Kings Day – Wear Orange
Pella, Iowa • May 2, 2026
Every May, Pella turns orange.
The tulips open, the klompen echo on Franklin Street, and a small Iowa
town remembers a story older than its storefronts and windmills. Kings
Day—rooted in the Dutch Koningsdag tradition—has become one of the Midwest’s
most joyful civic rituals. But beneath the pastries and parades lies a history
that speaks directly to our cultural moment, and perhaps to an opportunity
national leadership could have embraced.
A Festival Born From Flight
Pella was founded in 1847 by Dutch immigrants fleeing religious
persecution—not from a secular regime, but from a Christian-majority state
church in the Netherlands. The Reformed Church was the official religion,
and dissenters faced fines, harassment, and restrictions on worship. Reverend Hendrik
Scholte and his followers crossed the Atlantic not because they rejected
Christianity, but because they longed for the freedom to practice it without
state interference.
They named their new settlement Pella, after the ancient refuge
where early Christians fled during the Roman-Jewish conflict. It was a
theological declaration: faith flourishes when it is not coerced.
Kings Day in Pella is not merely a cultural festival; it is a living
reminder that religious liberty is fragile, precious, and often misunderstood.
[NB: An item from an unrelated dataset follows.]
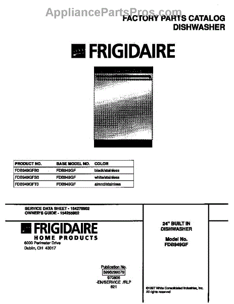 Parts for Frigidaire FDB949GFT0: 01 - Cover Parts

A Missed Moment for National
Leadership
This year’s celebration—May 2, 2026—arrived at a time when the country is
wrestling with questions of identity, belonging, and the meaning of freedom. It
was, in many ways, a perfect moment for the administration to highlight a story
that embodies the best of the American experiment: refugees seeking liberty,
building community, and contributing richly to the nation.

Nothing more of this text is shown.